Terakhir adalah penulisan blog dan konten YouTube, ini sudah menjadi kebutuhan penting perusahaan dalam mempertahankan eksistensi mereka selama pandemi. Pembuatan film, pengeditan, penulisan naskah, dan pemasaran lewat platform digital menjadi cakupan pekerjaan yang diminati perusahaan. Karena semua itu telah terbukti menjadi strategi pemasaran yang paling efektif dalam dunia bisnis selama lebih dari dua tahun terakhir.

Bagaimana cara memulainya?

Vice President of talent solutions di Upwork, Margaret Lilani, menyebut, manfaat paling nyata dari pekerjaan lepas adalah kemandirian. Karena, pekerja lepas dapat bebas mengatur waktu bekerja, menjadi bos untuk diri sendiri, memilih klien sesuai kriteria, dan bisa bekerja jarak jauh dimana saja.

Dia menambahkan, freelancing juga menguntungkan perusahaan dan membantu pengusaha mengurangi biaya perekrutan. Serta jangkauan sumber daya di pasar kerja yang tidak terbatas telah membantu perusahaan menemukan pekerja yang paling cocok.

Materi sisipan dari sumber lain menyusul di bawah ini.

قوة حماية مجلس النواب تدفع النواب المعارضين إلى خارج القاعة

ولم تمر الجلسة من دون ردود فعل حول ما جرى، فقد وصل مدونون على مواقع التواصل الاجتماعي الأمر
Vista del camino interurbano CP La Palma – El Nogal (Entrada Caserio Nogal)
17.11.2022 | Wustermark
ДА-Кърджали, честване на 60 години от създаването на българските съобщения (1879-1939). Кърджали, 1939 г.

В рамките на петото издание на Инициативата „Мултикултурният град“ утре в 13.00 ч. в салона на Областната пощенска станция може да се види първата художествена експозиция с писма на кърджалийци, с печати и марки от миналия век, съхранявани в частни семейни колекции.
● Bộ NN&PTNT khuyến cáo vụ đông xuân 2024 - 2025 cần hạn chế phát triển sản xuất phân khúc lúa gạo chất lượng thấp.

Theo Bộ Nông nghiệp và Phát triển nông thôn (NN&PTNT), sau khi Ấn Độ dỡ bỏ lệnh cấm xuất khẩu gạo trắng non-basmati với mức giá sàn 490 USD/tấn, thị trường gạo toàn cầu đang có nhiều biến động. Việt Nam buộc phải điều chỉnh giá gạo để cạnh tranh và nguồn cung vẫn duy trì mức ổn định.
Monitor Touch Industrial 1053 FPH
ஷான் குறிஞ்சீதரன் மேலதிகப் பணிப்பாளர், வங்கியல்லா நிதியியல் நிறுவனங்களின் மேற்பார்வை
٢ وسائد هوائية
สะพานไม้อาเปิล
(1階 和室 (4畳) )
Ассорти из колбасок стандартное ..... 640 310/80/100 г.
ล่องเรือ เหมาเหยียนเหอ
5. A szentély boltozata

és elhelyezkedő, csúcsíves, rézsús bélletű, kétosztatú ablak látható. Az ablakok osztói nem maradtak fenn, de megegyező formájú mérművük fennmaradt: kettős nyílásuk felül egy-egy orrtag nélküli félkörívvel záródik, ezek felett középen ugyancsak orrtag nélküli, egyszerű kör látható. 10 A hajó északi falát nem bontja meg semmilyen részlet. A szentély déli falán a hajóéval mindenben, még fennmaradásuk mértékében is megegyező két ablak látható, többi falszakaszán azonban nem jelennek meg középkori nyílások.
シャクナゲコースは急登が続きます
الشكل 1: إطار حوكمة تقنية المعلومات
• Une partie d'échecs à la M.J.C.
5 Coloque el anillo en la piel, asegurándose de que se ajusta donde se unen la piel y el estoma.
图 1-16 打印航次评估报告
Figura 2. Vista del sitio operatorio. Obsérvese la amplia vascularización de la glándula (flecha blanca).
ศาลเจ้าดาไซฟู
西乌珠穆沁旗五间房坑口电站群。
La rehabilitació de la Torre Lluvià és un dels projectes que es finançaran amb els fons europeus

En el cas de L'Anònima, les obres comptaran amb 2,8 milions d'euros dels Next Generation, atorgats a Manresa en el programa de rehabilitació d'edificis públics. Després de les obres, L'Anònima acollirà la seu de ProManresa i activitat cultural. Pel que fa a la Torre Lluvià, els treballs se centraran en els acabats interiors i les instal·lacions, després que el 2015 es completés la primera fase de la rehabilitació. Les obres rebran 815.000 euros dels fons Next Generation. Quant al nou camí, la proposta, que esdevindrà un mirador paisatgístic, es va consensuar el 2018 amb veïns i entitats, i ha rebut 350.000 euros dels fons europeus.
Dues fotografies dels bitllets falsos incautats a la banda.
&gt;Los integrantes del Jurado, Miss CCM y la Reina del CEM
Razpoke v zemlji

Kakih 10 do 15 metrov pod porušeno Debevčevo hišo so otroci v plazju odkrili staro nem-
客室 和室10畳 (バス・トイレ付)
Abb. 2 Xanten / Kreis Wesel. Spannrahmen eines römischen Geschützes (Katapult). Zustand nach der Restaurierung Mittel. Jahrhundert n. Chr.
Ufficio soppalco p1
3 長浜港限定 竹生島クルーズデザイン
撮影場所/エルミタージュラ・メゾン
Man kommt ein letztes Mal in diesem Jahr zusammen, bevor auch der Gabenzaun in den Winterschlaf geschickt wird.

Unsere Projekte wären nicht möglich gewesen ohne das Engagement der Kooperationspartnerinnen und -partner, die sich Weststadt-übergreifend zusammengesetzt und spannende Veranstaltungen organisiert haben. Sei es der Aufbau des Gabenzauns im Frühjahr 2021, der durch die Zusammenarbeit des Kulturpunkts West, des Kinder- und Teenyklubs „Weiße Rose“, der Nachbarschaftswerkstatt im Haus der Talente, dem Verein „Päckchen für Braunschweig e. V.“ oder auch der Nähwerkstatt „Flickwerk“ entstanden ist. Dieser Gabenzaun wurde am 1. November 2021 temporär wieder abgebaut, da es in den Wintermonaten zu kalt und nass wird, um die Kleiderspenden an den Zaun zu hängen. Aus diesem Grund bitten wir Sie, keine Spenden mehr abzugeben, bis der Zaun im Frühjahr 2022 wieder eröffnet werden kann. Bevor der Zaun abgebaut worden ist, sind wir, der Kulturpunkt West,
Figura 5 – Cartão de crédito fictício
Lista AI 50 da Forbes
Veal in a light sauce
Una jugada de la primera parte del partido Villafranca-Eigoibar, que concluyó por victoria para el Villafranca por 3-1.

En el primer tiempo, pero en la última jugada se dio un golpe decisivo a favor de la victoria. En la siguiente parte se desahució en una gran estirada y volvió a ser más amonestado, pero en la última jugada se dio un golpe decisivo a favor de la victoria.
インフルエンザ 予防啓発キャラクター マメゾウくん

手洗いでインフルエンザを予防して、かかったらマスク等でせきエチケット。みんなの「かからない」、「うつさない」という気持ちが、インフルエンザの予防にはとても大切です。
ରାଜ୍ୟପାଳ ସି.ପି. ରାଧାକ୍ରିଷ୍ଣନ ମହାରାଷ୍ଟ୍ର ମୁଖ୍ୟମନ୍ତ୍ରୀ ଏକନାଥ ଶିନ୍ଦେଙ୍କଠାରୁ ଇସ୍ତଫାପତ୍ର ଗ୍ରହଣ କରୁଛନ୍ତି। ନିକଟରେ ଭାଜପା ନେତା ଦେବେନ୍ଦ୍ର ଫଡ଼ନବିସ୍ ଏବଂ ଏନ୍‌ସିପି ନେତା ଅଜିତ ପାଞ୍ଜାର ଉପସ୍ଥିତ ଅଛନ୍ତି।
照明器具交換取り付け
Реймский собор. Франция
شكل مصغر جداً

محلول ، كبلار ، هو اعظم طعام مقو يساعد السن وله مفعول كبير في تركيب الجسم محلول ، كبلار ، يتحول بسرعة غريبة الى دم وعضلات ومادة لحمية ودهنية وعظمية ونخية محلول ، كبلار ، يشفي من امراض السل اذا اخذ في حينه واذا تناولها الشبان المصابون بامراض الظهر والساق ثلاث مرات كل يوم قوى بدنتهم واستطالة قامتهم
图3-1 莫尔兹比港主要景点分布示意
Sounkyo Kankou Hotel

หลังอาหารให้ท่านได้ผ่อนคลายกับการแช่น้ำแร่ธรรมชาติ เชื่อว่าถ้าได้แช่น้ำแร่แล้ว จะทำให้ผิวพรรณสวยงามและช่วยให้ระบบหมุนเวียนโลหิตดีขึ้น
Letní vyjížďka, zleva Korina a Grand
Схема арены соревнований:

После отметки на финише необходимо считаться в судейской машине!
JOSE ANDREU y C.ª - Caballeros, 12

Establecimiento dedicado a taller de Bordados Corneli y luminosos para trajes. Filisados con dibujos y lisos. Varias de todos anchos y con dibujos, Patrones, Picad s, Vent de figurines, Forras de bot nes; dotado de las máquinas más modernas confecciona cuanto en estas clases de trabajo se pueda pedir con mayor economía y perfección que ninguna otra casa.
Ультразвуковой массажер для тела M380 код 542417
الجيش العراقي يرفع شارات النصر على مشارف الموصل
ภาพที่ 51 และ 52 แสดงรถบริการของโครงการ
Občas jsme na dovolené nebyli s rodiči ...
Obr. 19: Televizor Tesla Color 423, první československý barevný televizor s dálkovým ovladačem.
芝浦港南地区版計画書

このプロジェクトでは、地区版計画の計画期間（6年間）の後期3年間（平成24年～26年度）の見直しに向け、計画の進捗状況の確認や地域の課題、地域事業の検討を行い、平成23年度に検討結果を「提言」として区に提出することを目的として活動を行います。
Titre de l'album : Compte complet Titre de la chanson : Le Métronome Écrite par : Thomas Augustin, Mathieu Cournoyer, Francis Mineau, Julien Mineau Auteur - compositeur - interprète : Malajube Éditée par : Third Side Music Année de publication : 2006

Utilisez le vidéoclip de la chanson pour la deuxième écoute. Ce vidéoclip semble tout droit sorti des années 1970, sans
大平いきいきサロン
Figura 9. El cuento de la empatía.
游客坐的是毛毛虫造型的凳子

Untuk itu, dia menyarankan beberapa langkah yang harus dilakukan jika tertarik untuk menjadi pekerja lepas. Langkah pertama adalah menentukan keahlian terkuat yang dimiliki. Lalu pikirkanlah, bagaimana keterampilan tersebut dapat diubah menjadi layanan.

Lilani mencontohkan, kemampuan komunikasi, media sosial, desain grafis, penulisan, pengkodingan, atau bidang keahlian yang lainnya dapat dimanfaatkan untuk menjadi pekerja lepas.

Selanjutnya, buatlah portofolio yang berisi kemampuan dan pekerjaan yang pernah dikerjakan, itu digunakan sebagai promosi diri kepada calon klien. Kemudian manfaatkan juga web online seperti Upwork, Freelancer.com, Fiverr, TaskRabbit, atau situs web lain untuk mengiklankan pekerjaan freelance Anda atau mencari lowongan kerja yang sesuai dengan kemampuan.

Terakhir, Lilani menekankan untuk jangan takut dalam memulai. Karena pasti membutuhkan waktu dan usaha yang konsisten untuk membangun reputasi di pasar freelance dan memiliki karir yang sangat sukses sebagai freelancer.